While its clear many that many parties – federal elected officials, state and local politicians, and certain environmental interests – had to collaborate in order to leave New Orleans vulnerable to Hurricane Katrina flooding, one thing all share is that they almost exclusively were Louisianans, and almost all political liberals and/or partisan Democrats, from decades ago until now.
As a result, some have an interest in trying to widen the circle of blame because these Louisianans represent almost exclusively liberal and Democrat political interests. There’s occasionally a Republican like Sen. David Vitter who as a member of the House of Representatives should have been more forceful about steering money to flood control projects, or a Gov. Mike Foster who continued to allow political hacks to serve on the Orleans Levee District board. And, liberals are always quick to assert, Pres. George W. Bush is responsible for everything bad in the world, including hurricanes, but, more specifically here, it is argued that he didn’t pay enough attention to coastal restoration efforts.

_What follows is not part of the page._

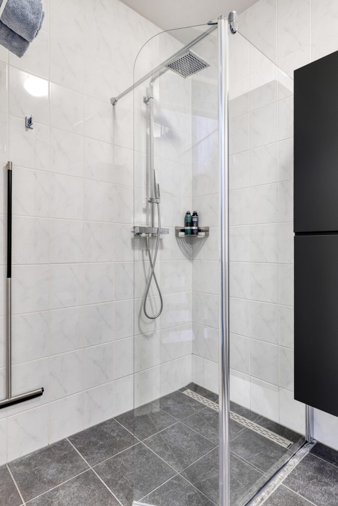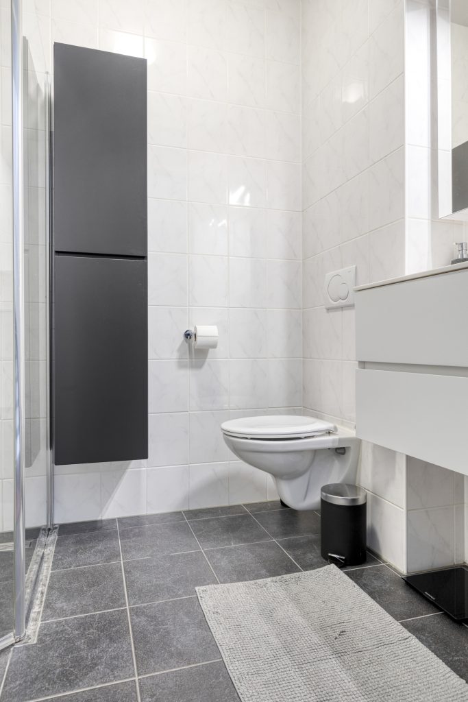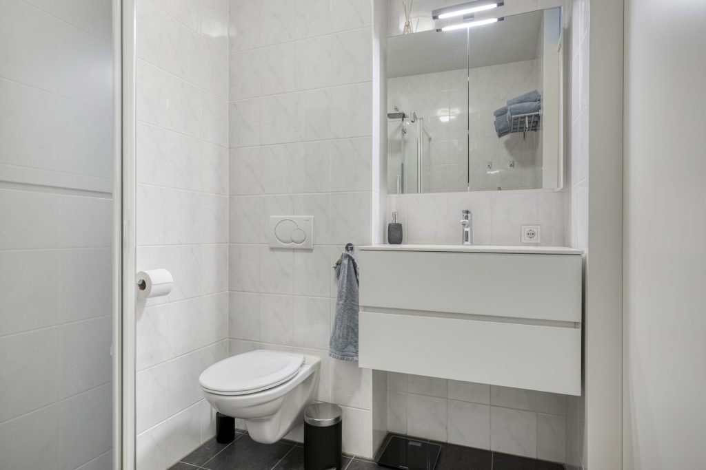 De badkamer is volledig betegeld en uitgerust met een inloopdouche, wastafelmeubel met spiegelkastje en een hangend toilet.

But let us not ignore the causal chain to explain the lack of sufficient effort to prevent this flooding. It began at, and was driven by, Louisiana Democrats and liberals. At the state and local level, they were the ones who did not push their federal elected officials for more and better protection. They were the ones who refused to find money to pay for it. Their cohorts elected to federal office collected far more money per capita in Army Corps of Engineers projects than any other state yet typically spent only about 1 percent of that on flood control projects (and much more on dubious “economic development” projects).
They behaved this way because their ideology is all about taking as much money as possible earned by others (minimizing the use of their own resources as much as possible) and redistributing it in order to win votes and to accrue power. While all politicians face this temptation, at least true conservatives (typically Republicans) follow a philosophy that urges them to minimize government coercion to abscond with the people’s resources. With a much smaller pot of money to distribute, it’s much easier to follow the principle of deploying it where it is needed, not to use it as a leveling tool.

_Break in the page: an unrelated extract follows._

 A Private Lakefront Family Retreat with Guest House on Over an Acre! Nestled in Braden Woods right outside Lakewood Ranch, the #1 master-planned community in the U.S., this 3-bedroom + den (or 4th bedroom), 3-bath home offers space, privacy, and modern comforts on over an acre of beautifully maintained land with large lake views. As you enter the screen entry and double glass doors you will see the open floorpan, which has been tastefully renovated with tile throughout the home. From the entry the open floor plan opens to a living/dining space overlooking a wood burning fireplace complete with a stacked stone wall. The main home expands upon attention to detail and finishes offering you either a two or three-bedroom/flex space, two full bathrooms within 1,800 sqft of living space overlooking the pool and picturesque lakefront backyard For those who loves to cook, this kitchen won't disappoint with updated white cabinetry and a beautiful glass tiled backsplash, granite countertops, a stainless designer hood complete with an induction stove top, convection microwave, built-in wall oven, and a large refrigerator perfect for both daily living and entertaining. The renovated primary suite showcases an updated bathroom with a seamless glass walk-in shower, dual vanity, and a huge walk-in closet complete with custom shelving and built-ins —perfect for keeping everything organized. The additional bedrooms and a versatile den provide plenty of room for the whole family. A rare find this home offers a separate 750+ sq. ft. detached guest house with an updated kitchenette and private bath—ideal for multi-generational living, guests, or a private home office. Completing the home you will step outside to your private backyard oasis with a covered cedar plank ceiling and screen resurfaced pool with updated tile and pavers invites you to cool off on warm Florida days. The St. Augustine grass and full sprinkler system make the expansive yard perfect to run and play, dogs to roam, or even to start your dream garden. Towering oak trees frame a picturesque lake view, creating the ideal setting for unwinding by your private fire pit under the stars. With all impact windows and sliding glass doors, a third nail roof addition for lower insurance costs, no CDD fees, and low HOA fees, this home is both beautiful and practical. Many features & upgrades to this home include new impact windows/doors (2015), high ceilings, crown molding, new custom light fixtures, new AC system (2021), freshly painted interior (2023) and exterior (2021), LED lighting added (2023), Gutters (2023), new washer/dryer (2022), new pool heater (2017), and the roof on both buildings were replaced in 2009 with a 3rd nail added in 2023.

This situation is best described by the analogy of a drowning person with another standing by clutching a life preserver. No matter how the person got into the floundering situation, the other should toss the flotation device to save him. But just because it was through the victim’s own negligence that got him in deep water to begin with it does not follow that the other, who could have used much more forceful means to prevent him from placing himself at risk, bears as much or even a fraction of the blame for his predicament as the one needing rescuing.
Partisans on the left will attempt to obfuscate the root causes of the thinking behind the decisions, grounded in liberalism and populism, that created the situation of flooding around New Orleans by claiming the causes were nonpartisan, but do not be fooled for a minute by that tactic. Following the dictates of their ideology was necessary for the disaster to happen.